Return each record unchanged and drop the images.

:: DATASET EXTRACT

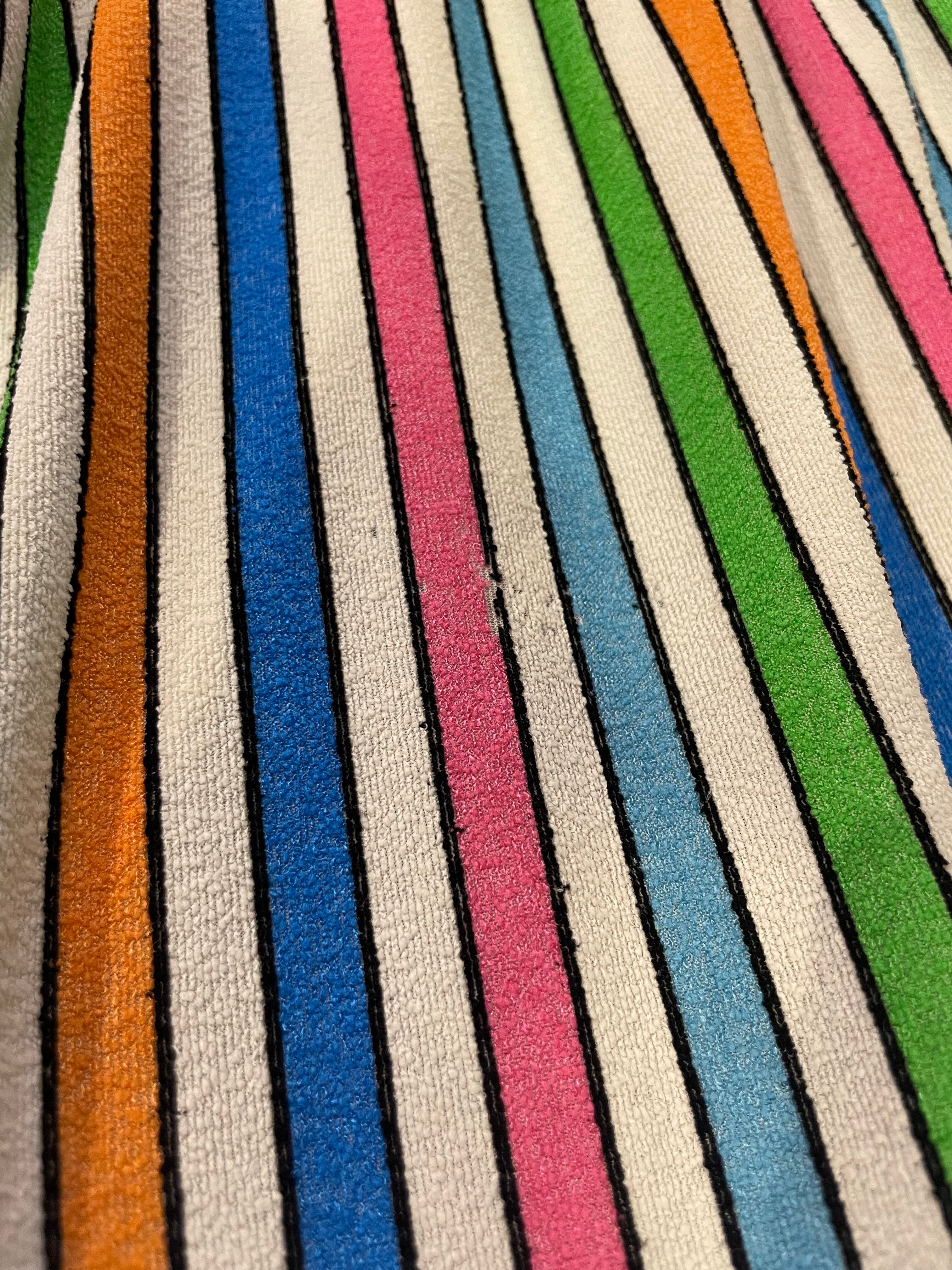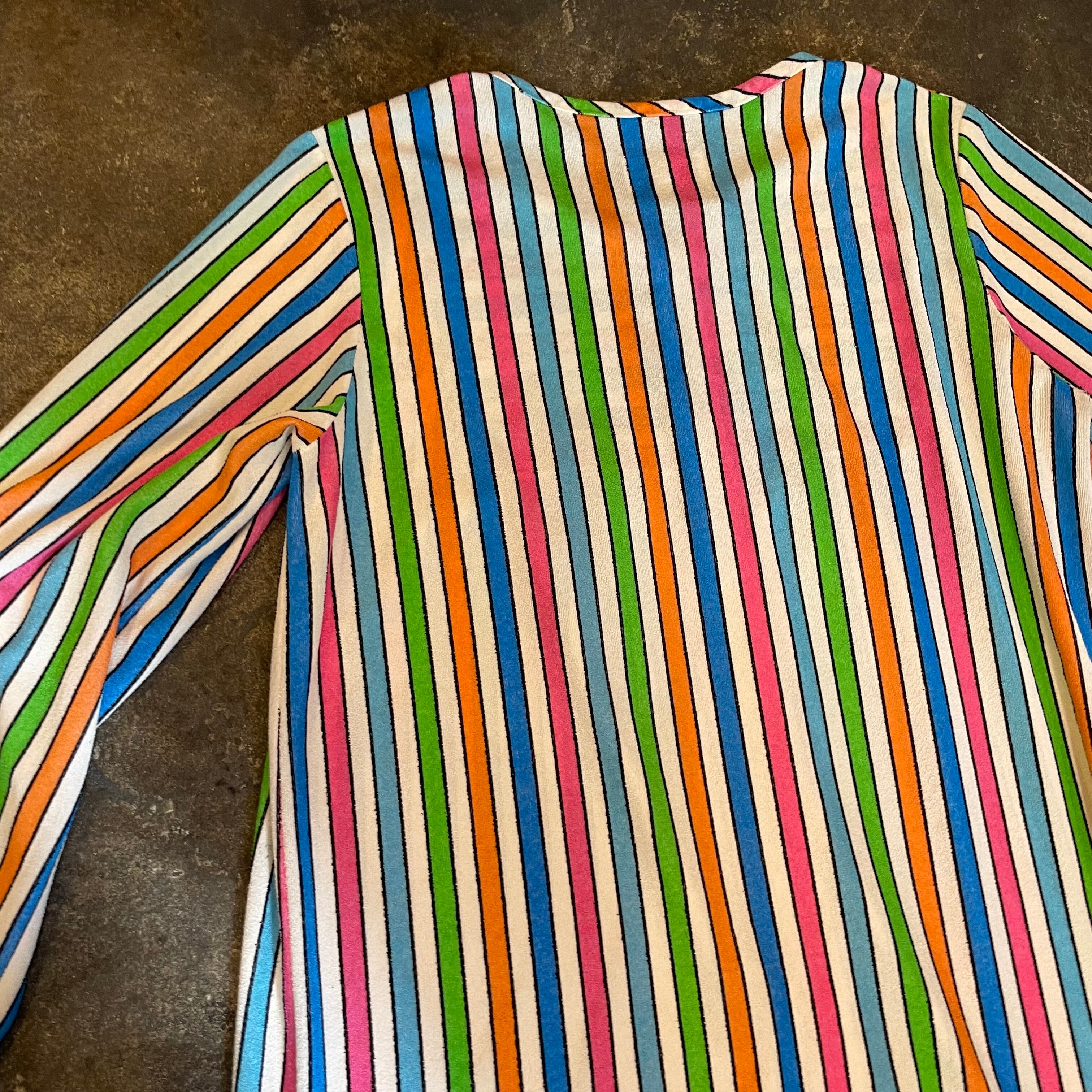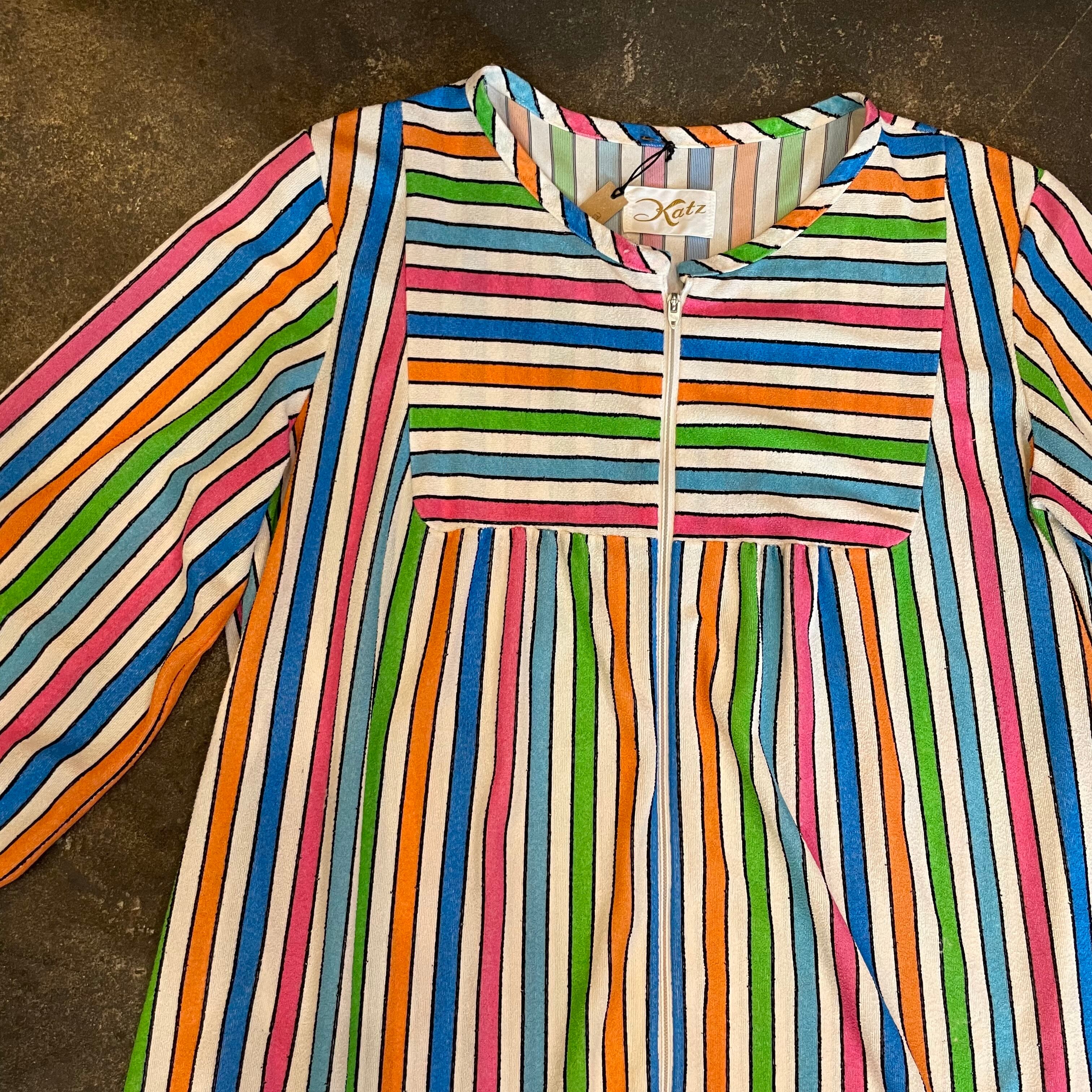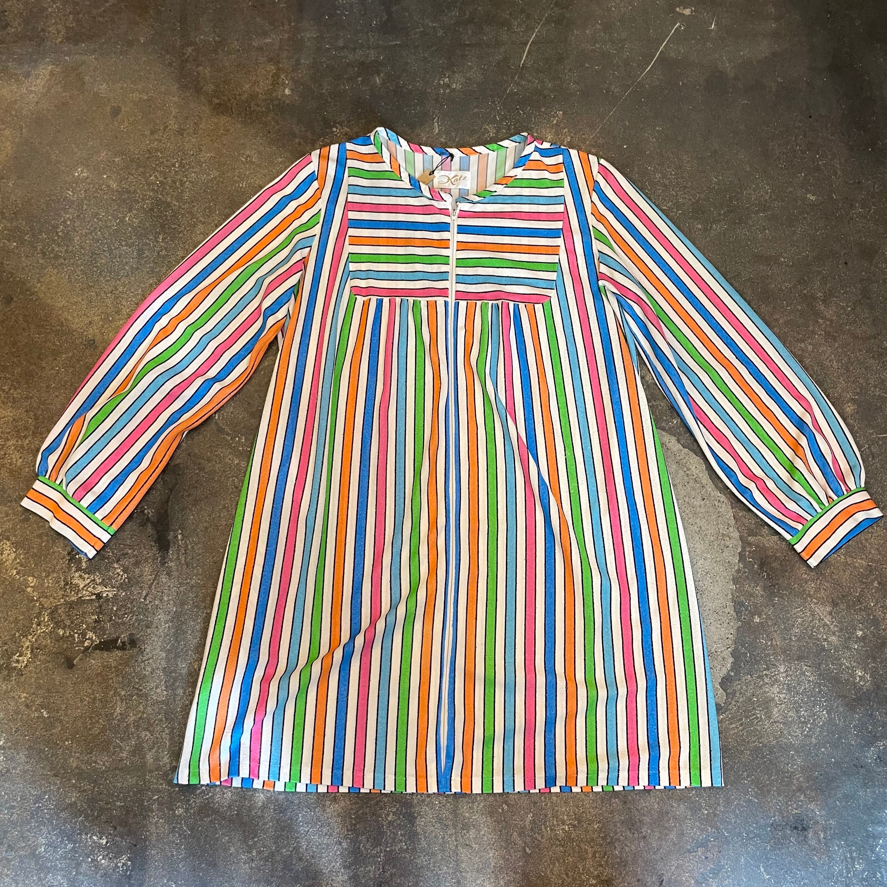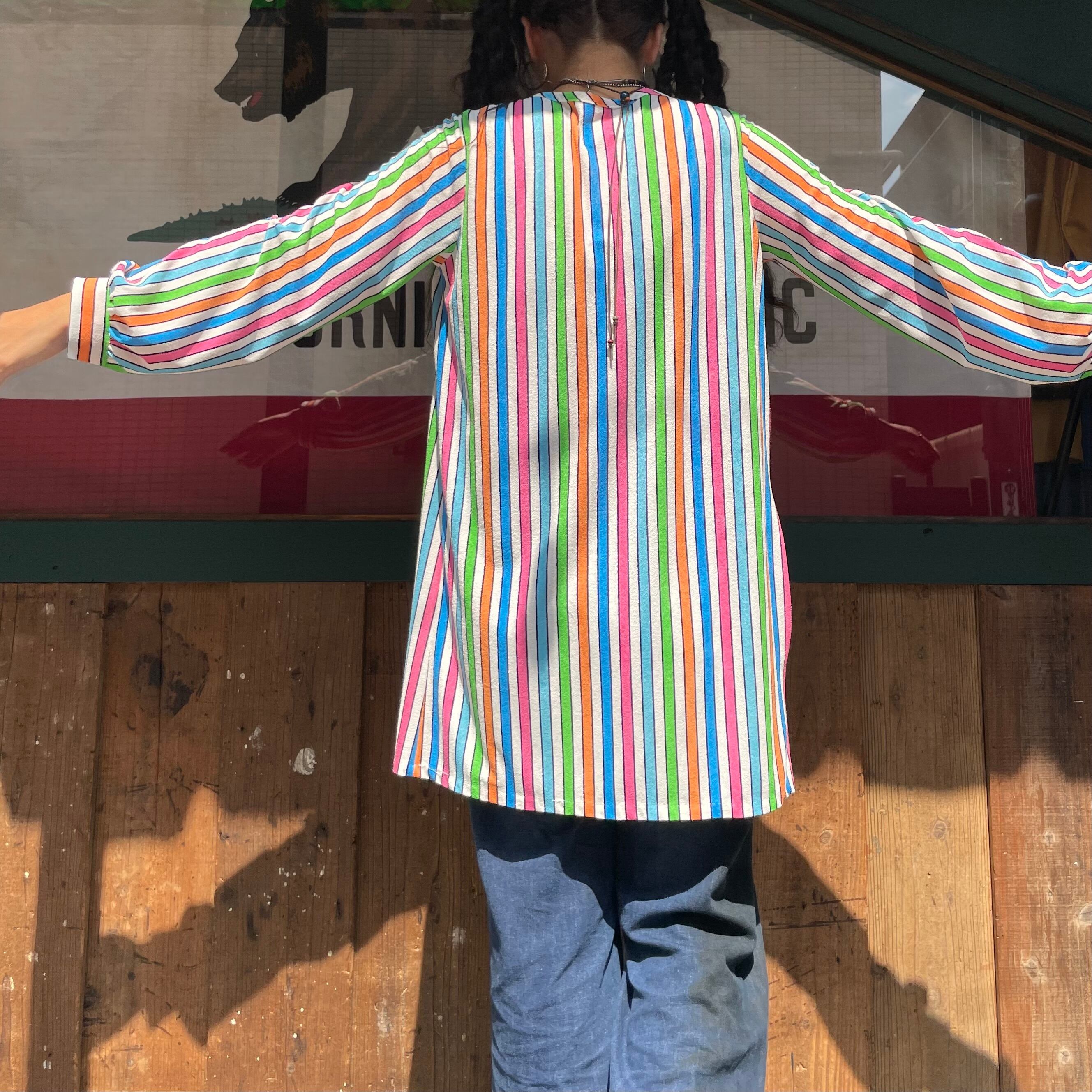 白ベースのカラフルなストライプがかわいい70年代頃のチュニックです。
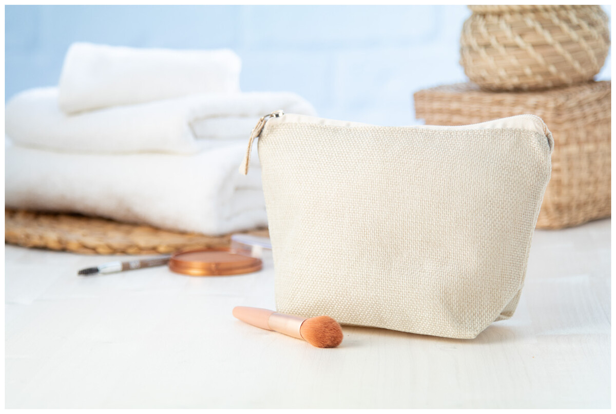 Kosmetická taštička na zip z polyesteru v přírodní barvě.
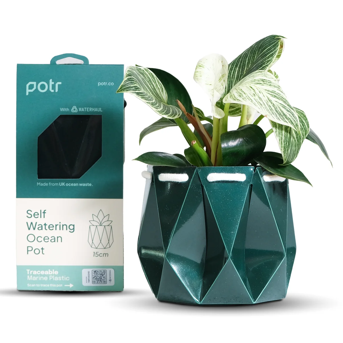 Eco-friendly self-watering plant pot made from 100% recycled UK marine plastic with traceable, low-carbon UK production.
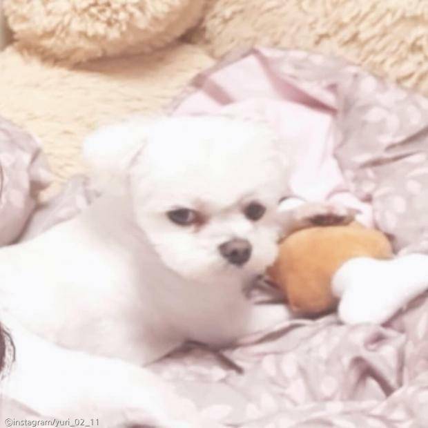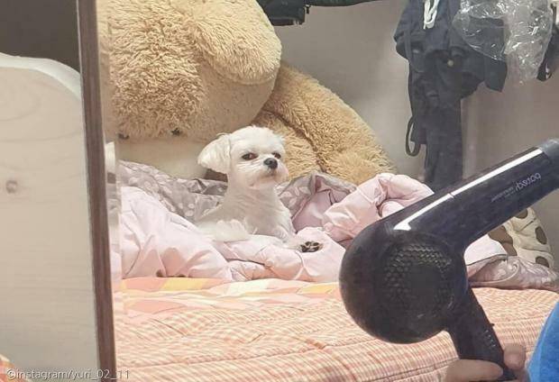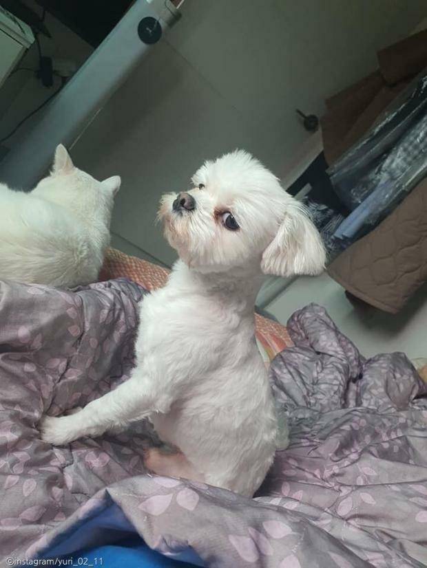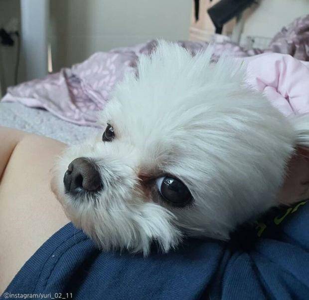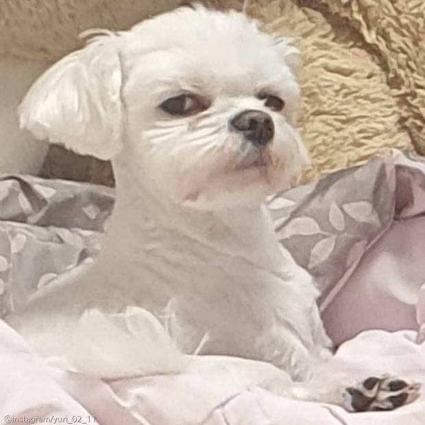 얼마 전 유리 씨가 SNS에 올린 말티즈 '쫑이'. 쫑이는 고개만 살짝 돌린채 곁눈질로 유리 씨를 향해 무언의 질타를 날리는 듯한 모습을 보여주고 있다.
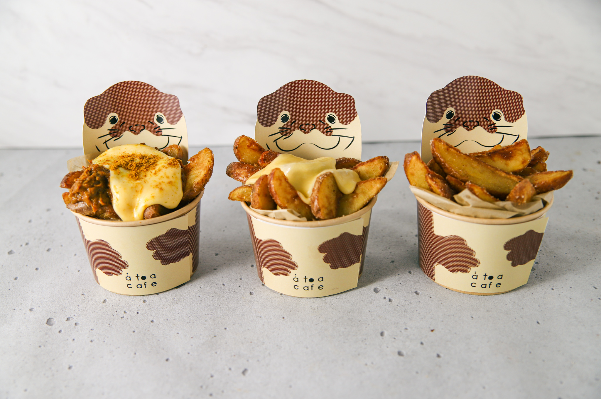 水獺造型薯條看起來就像超萌水獺捧著一大堆薯條,還原了水獺把小石頭捧在胸前的習性,光看就要融化了,絕對是網美照的定番商品!口味包含高湯、起司和淡路肉醬起司,價格分別為500、550、580日幣。
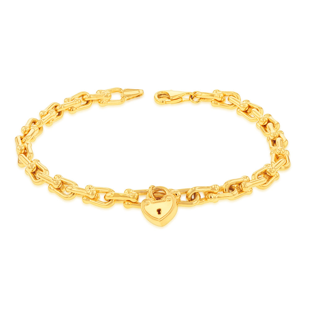 9ct Yellow Gold Silverfilled Lock On 19cm Bracelet
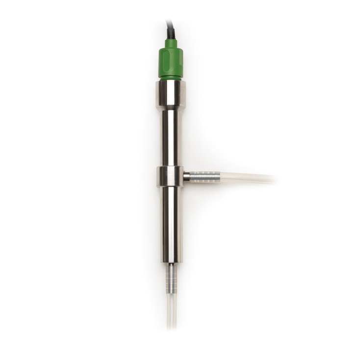 Die Messung der Leitfähigkeit hochreinen Wassers, wie es für die Stromerzeugung, der Halbleiterherstellung, medizinische Zwecke und andere Anwendungen benötigt wird, kann eine beachtliche Herausforderung darstellen. Dies liegt daran, dass unter normalen Bedingung eine Diffusion von atmosphärischem Kohlendioxid (CO2) in Wasser stattfindet, was zur Bildung von Kohlensäure (H2CO3) führt. Diese dissoziert schnell in Wasserstoffionen (H+) und Hydrogenkarbonationen (HCO3-). Diese Ionen erhöhen die Leitfähigkeit und verringern den Widerstand des Wassers, was sich im Falle von hochreinem Wasser in einem Messfehler äußert. Um die Leitfähigkeit von dieser Art Wasser korrekt betimmen zu können, ist es notwendig das Wasser im Fluss zu messen. Das HI98197 verwendet hierzu die Vier-Ring-Leitfähigkeitssonde HI763123 die mit der Edelstahl-Durchflusszelle HI605453 dicht verschraubt werden kann. Diese Durchflusszelle wird dann mit der Wasserquelle verbunden, um so die Leitfähigkeit und den Widerstand ohne Einfluss der Umgebungsluft genauer bestimmen zu können. Das HI98197 ist somit das ideale Instrument, die Funktion einer Porduktionsanlage für deionisiertes Wasser mit einem Widerstand von 18,2 MΩ bei 25 °C zu überwachen.
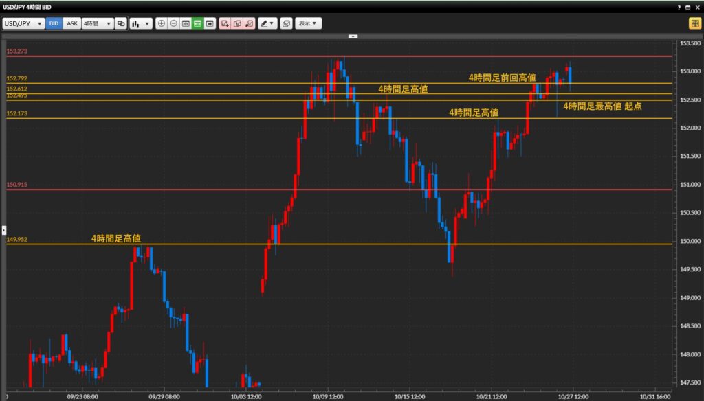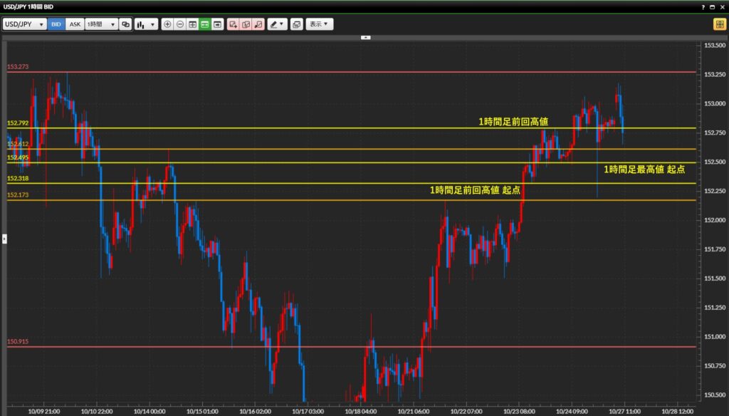 - 152.80より上で1時間足実態が確定 → 日足最高値(153.27)を狙うロング

::::

§ SOLVED EXERCISE
 白ベースのカラフルなストライプがかわいい70年代頃のチュニックです。
 Kosmetická taštička na zip z polyesteru v přírodní barvě.
 Eco-friendly self-watering plant pot made from 100% recycled UK marine plastic with traceable, low-carbon UK production.
 얼마 전 유리 씨가 SNS에 올린 말티즈 '쫑이'. 쫑이는 고개만 살짝 돌린채 곁눈질로 유리 씨를 향해 무언의 질타를 날리는 듯한 모습을 보여주고 있다.
 水獺造型薯條看起來就像超萌水獺捧著一大堆薯條,還原了水獺把小石頭捧在胸前的習性,光看就要融化了,絕對是網美照的定番商品!口味包含高湯、起司和淡路肉醬起司,價格分別為500、550、580日幣。
 9ct Yellow Gold Silverfilled Lock On 19cm Bracelet
 Die Messung der Leitfähigkeit hochreinen Wassers, wie es für die Stromerzeugung, der Halbleiterherstellung, medizinische Zwecke und andere Anwendungen benötigt wird, kann eine beachtliche Herausforderung darstellen. Dies liegt daran, dass unter normalen Bedingung eine Diffusion von atmosphärischem Kohlendioxid (CO2) in Wasser stattfindet, was zur Bildung von Kohlensäure (H2CO3) führt. Diese dissoziert schnell in Wasserstoffionen (H+) und Hydrogenkarbonationen (HCO3-). Diese Ionen erhöhen die Leitfähigkeit und verringern den Widerstand des Wassers, was sich im Falle von hochreinem Wasser in einem Messfehler äußert. Um die Leitfähigkeit von dieser Art Wasser korrekt betimmen zu können, ist es notwendig das Wasser im Fluss zu messen. Das HI98197 verwendet hierzu die Vier-Ring-Leitfähigkeitssonde HI763123 die mit der Edelstahl-Durchflusszelle HI605453 dicht verschraubt werden kann. Diese Durchflusszelle wird dann mit der Wasserquelle verbunden, um so die Leitfähigkeit und den Widerstand ohne Einfluss der Umgebungsluft genauer bestimmen zu können. Das HI98197 ist somit das ideale Instrument, die Funktion einer Porduktionsanlage für deionisiertes Wasser mit einem Widerstand von 18,2 MΩ bei 25 °C zu überwachen.
 - 152.80より上で1時間足実態が確定 → 日足最高値(153.27)を狙うロング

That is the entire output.